= Exercise details =
The records below hold pictures; please leave those out and retype the rest exactly.

*** Supplied information

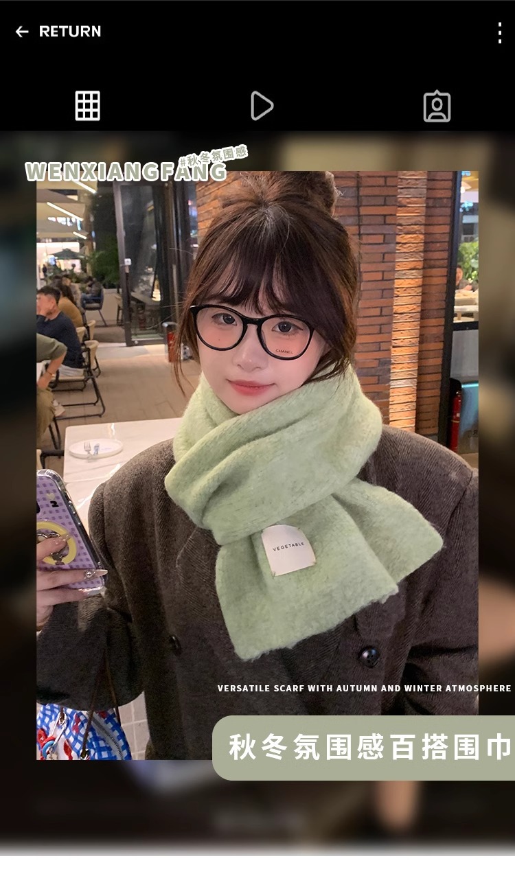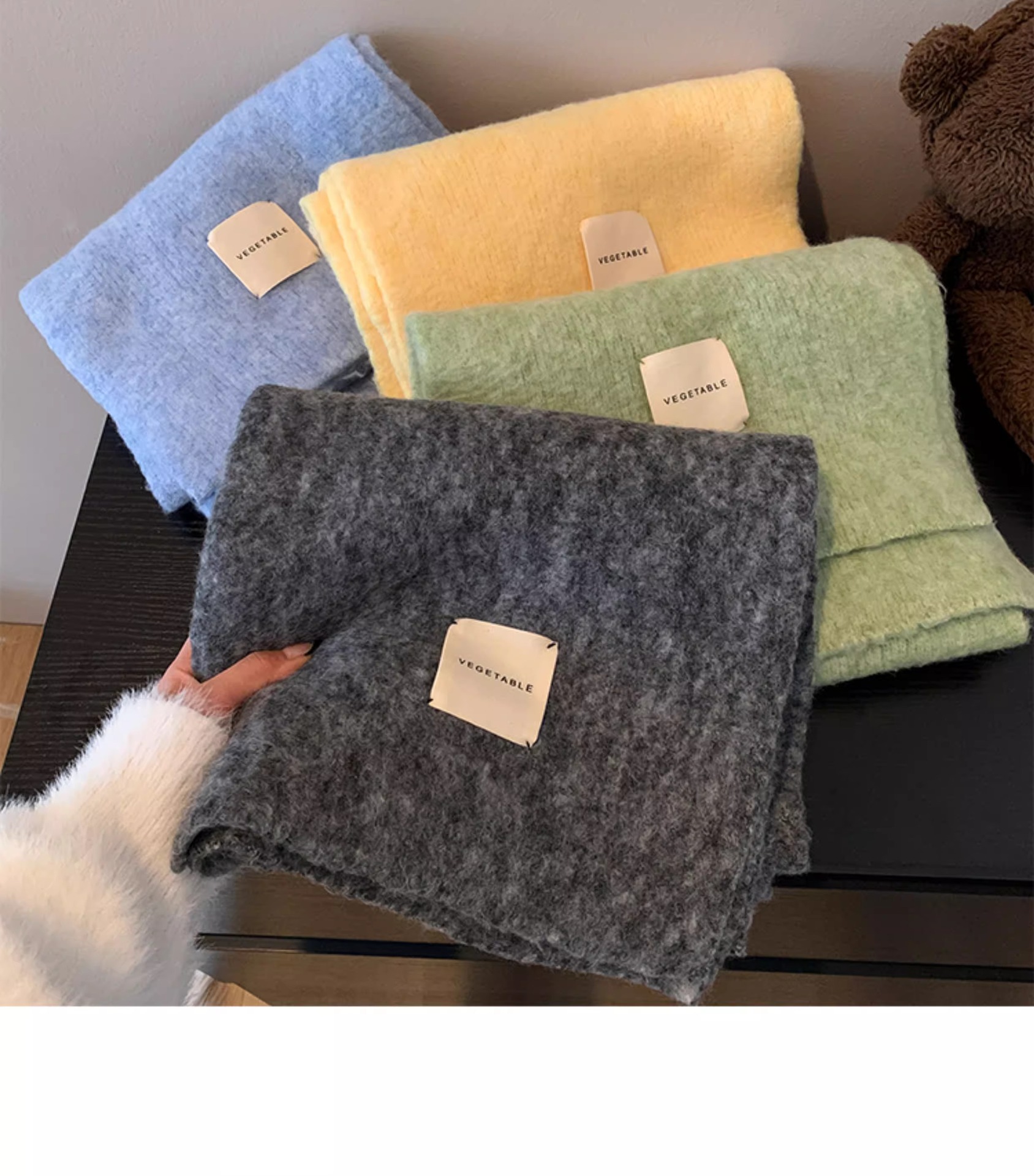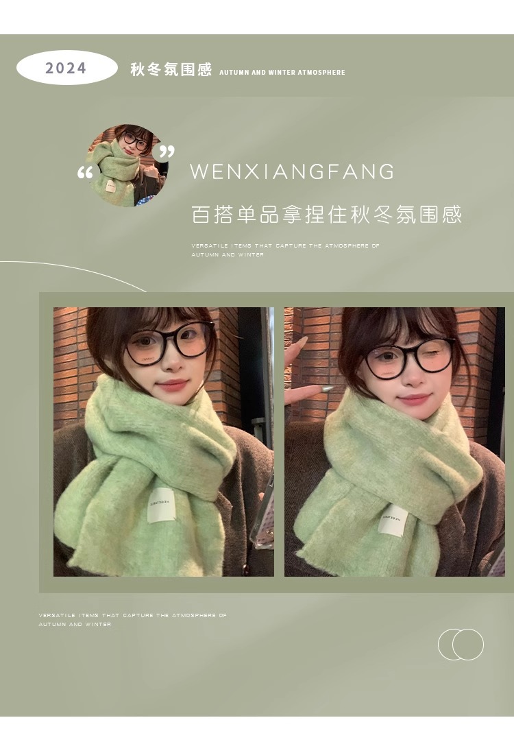 양모 그린 니트 양모 스카프 여성 2024 겨울 한국 분위기 부부를 위한 따뜻한 목 보호스토어 가기
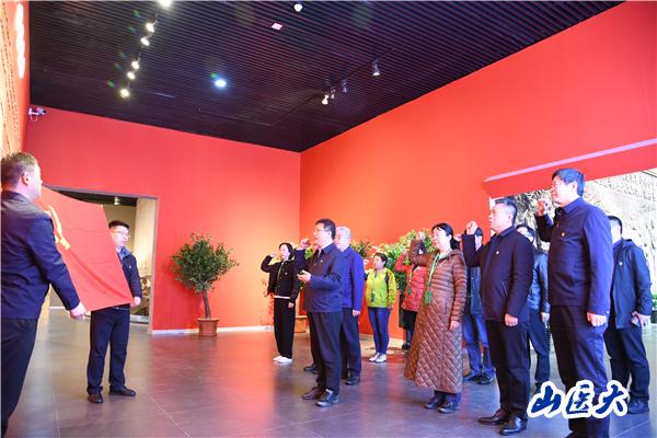 展览馆大厅,面对鲜红的党旗,读书班成员列队肃立,举起右拳,在校党委书记、学校主题教育领导小组组长王军的领誓下,重温入党誓词“我志愿加入中国共产党,拥护党的纲领,遵守党的章程……”。短短十二句入党誓词,字字千钧,既概括了我们党对党员的基本要求,也概括了党员对党组织和党的事业应承担的政治责任。
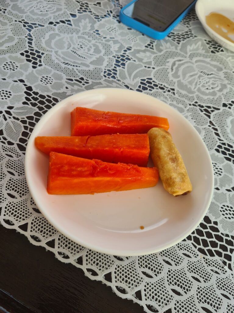 Au retour, je n’ai pas faim mais je ne résiste pas à la papaye fraîche. Aux nems non plus.
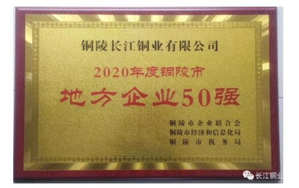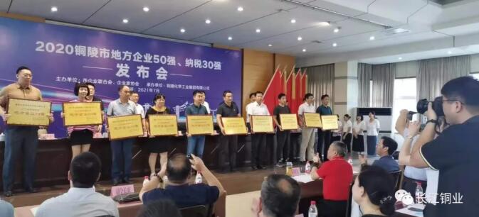 2021年7月6日下午,由市企業(yè)聯(lián)合會、市經(jīng)信局、市稅務局聯(lián)合舉辦的2020年度銅陵市“地方企業(yè)50強”“納稅30強”發(fā)布會在銅化集團會議室隆重召開。副市長王綱根,市老領導、市“四會”創(chuàng)始會長唐世定,市委宣傳部副部長章祎,市中小企業(yè)局局長朱永平,市稅務局黨委委員、副局長李軍等領導出席會議。發(fā)布會上,我司被授予“2020年度銅陵市地方企業(yè)50強”的榮譽稱號!
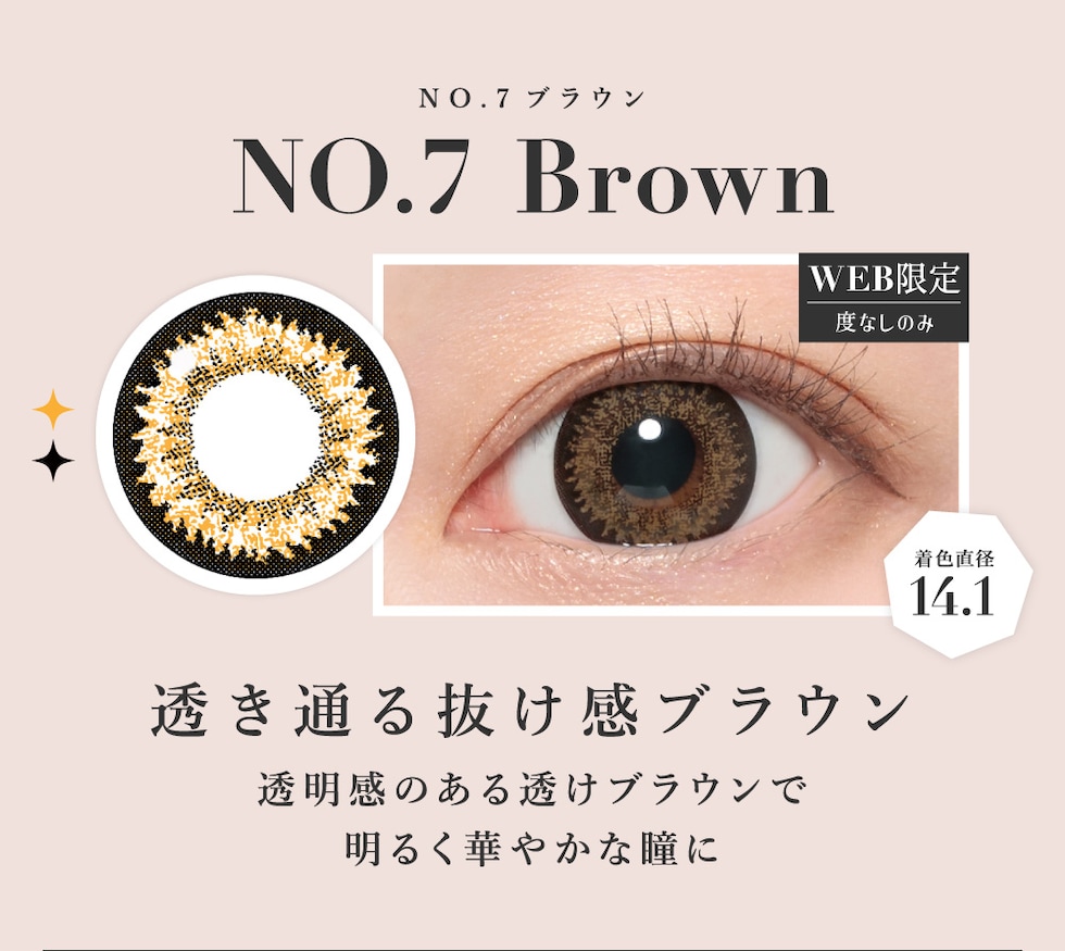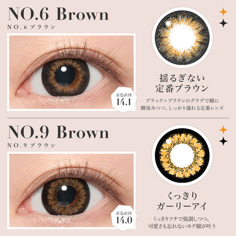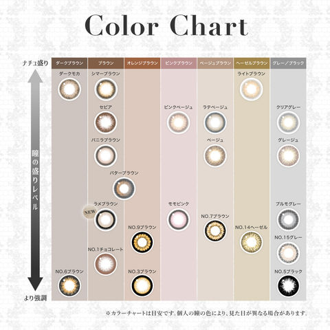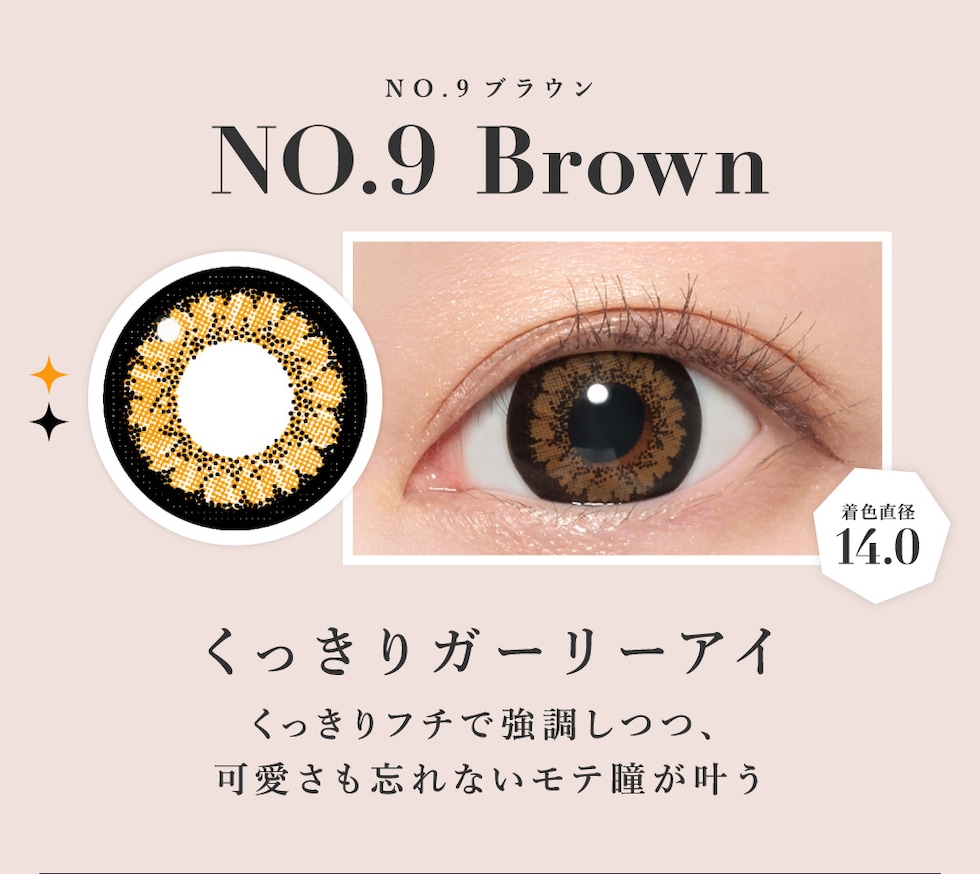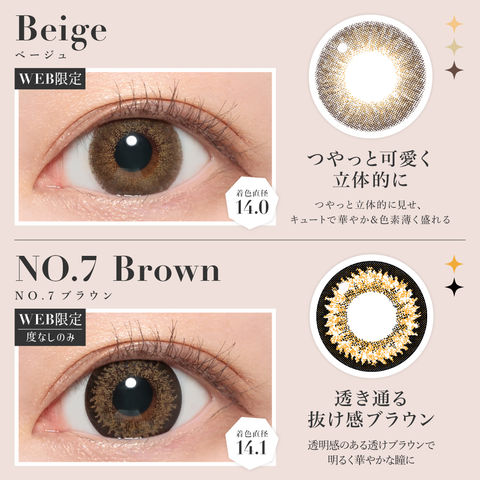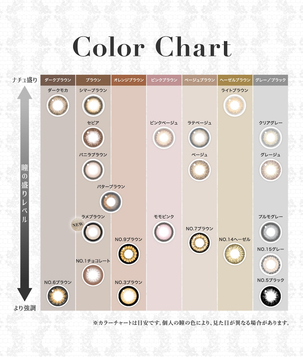 | 着色直径 | <13.8> バニラブラウン・モモピンク・ラテベージュ・ピンクベージュ・シマーブラウン・クリアグレー・ライトブラウン <13.9> セピア <14.0> ラメブラウン・バターブラウン・プルモグレー・グレージュ・ベージュ・NO.9ブラウン・NO.14ヘーゼル・NO.15グレー <14.1> ダークモカ・NO.1チョコレート・NO.3ブラウン・NO.5ブラック・NO.6ブラウン・NO.7ブラウン |

******

= Task output =
 양모 그린 니트 양모 스카프 여성 2024 겨울 한국 분위기 부부를 위한 따뜻한 목 보호스토어 가기
 展览馆大厅,面对鲜红的党旗,读书班成员列队肃立,举起右拳,在校党委书记、学校主题教育领导小组组长王军的领誓下,重温入党誓词“我志愿加入中国共产党,拥护党的纲领,遵守党的章程……”。短短十二句入党誓词,字字千钧,既概括了我们党对党员的基本要求,也概括了党员对党组织和党的事业应承担的政治责任。
 Au retour, je n’ai pas faim mais je ne résiste pas à la papaye fraîche. Aux nems non plus.
 2021年7月6日下午,由市企業(yè)聯(lián)合會、市經(jīng)信局、市稅務局聯(lián)合舉辦的2020年度銅陵市“地方企業(yè)50強”“納稅30強”發(fā)布會在銅化集團會議室隆重召開。副市長王綱根,市老領導、市“四會”創(chuàng)始會長唐世定,市委宣傳部副部長章祎,市中小企業(yè)局局長朱永平,市稅務局黨委委員、副局長李軍等領導出席會議。發(fā)布會上,我司被授予“2020年度銅陵市地方企業(yè)50強”的榮譽稱號!
 | 着色直径 | <13.8> バニラブラウン・モモピンク・ラテベージュ・ピンクベージュ・シマーブラウン・クリアグレー・ライトブラウン <13.9> セピア <14.0> ラメブラウン・バターブラウン・プルモグレー・グレージュ・ベージュ・NO.9ブラウン・NO.14ヘーゼル・NO.15グレー <14.1> ダークモカ・NO.1チョコレート・NO.3ブラウン・NO.5ブラック・NO.6ブラウン・NO.7ブラウン |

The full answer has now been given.